Un objet souple, posé sur une table blanche, semble hésiter entre accessoire et vêtement. Il ne protège pas vraiment, ne cache pas totalement, ne s’impose jamais. Il enveloppe. C’est sans doute là que commence l’iPhone Pocket, dans ce geste presque oublié : porter plutôt que contenir.
Né d’une collaboration entre ISSEY MIYAKE et Apple, l’iPhone Pocket ne relève ni du gadget technologique ni du simple objet de mode. Il s’inscrit dans une réflexion plus ancienne, chère à la maison japonaise : celle du vêtement comme structure ouverte, adaptable, capable d’accueillir le corps — ou ici, l’objet — sans jamais le contraindre. Le concept fondateur, a piece of cloth, irrigue toute la pièce. Une seule surface textile, travaillée en maille 3D, capable de s’étirer, de se resserrer, de vivre avec ce qu’elle contient.
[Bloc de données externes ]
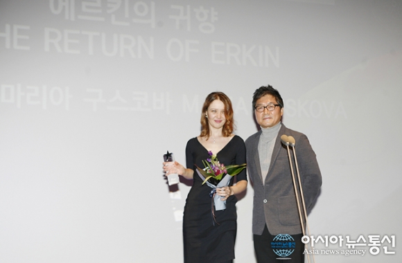 | 제13회 아시아나국제단편영화제 국제경쟁 심사위원 특별상을 수상한 '에르킨의 귀향'의 마리아 구스토바 감독과 강제규 심사위원장.(사진제공=아시아나국제단편영화제) |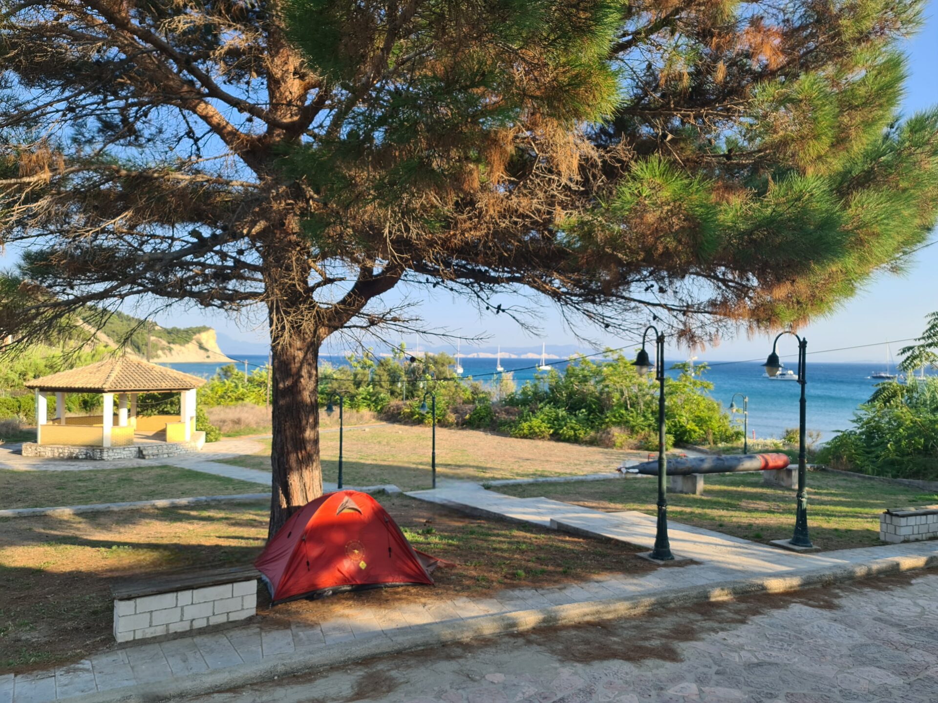 Εμείς στήσαμε τη σκηνή μας κοντά στην παραλία, δέκα λεπτά με τα πόδια από τον οικισμό — ήσυχα και πολύ όμορφα.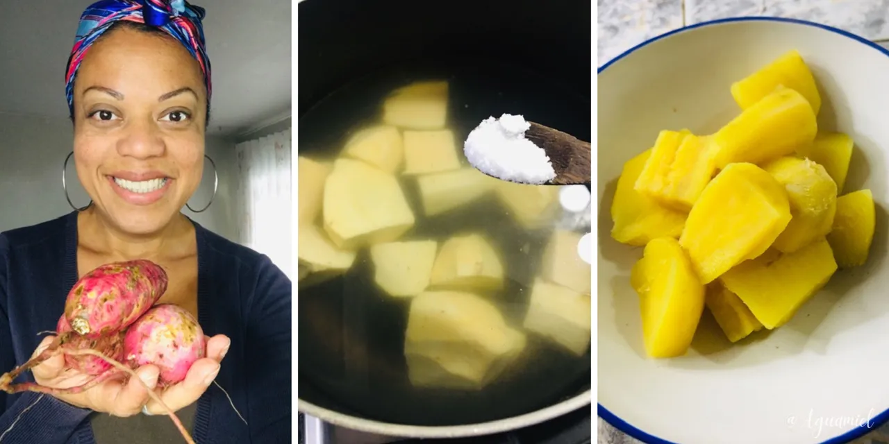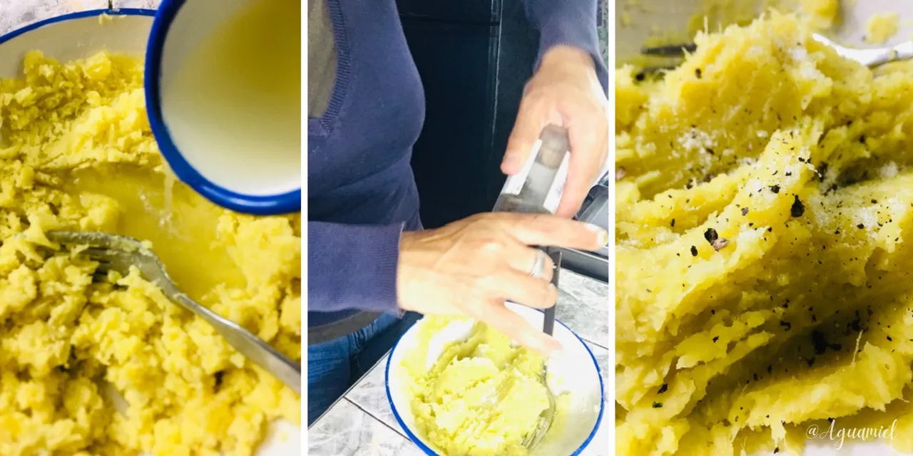 Cuelo las batatas reservando un poco de agua de la cocción con un tenedor las hago puré, agregando poco a poco el agua para hacerlo más suave, rectifico la sal y coloco pimienta. Reservo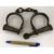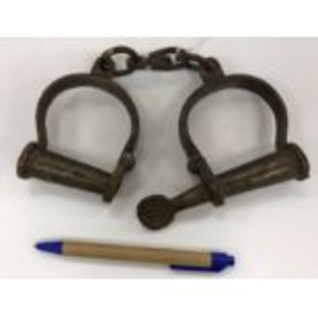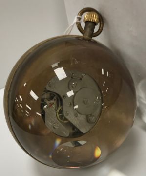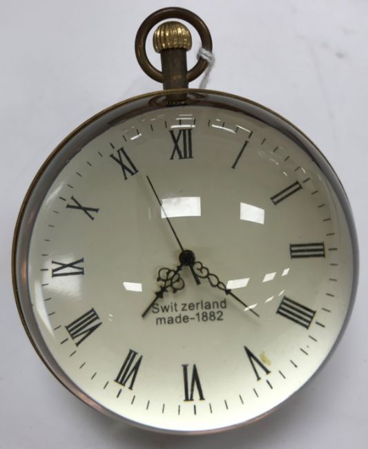 A modern glass ball style watch, the enamel dial set with Roman numerals and inscribed "Switzerland Made 1882", 8 cm long together with a pair of vintage style metal decorative handcuffs

La référence au plissé n’est pas décorative. Elle est structurelle. La maille côtelée évoque les recherches historiques d’Issey Miyake sur le mouvement et la modularité, mais transposées ici à un usage quotidien contemporain : le téléphone, prolongement constant de la main et du regard. L’iPhone Pocket ne cherche pas à effacer cette présence. Au contraire, il l’assume. Le textile ajouré laisse deviner l’écran, les contours, parfois même la couleur de l’appareil. Le contenu n’est jamais dissimulé, simplement accompagné.
Ce qui frappe, c’est la manière dont l’objet refuse toute hiérarchie entre mode et technologie. L’expertise de l’Apple Design Studio s’inscrit dans la continuité du geste textile, sans surenchère fonctionnelle. Le design reste volontairement élémentaire. Pas de fermeture complexe, pas de structure rigide. Une poche supplémentaire, pensée comme une extension du vêtement, que l’on peut porter à la main, sur le corps ou attachée à un sac. La technologie accepte ici de se plier — littéralement — au rythme du corps.
La palette chromatique joue un rôle discret mais essentiel. Citron, mandarine, violet, saphir, cannelle, noir. Des couleurs franches, presque joyeuses, qui rappellent que l’objet n’est pas conçu pour disparaître mais pour dialoguer avec son porteur. Deux longueurs seulement, deux proportions, comme pour éviter toute tentation de gamme exhaustive. L’iPhone Pocket préfère l’évidence à la multiplication.
Fabriqué au Japon, proposé en édition limitée, l’objet s’inscrit dans une temporalité mesurée. Il ne prétend pas résoudre un problème, ni redéfinir un usage. Il propose autre chose : une relation plus douce à un objet devenu omniprésent. Dans un paysage saturé d’accessoires techniques cherchant à optimiser, protéger, renforcer, l’iPhone Pocket fait un pas de côté. Il suggère que l’innovation peut aussi consister à simplifier le geste, à redonner au textile sa capacité première : envelopper le quotidien sans jamais l’alourdir.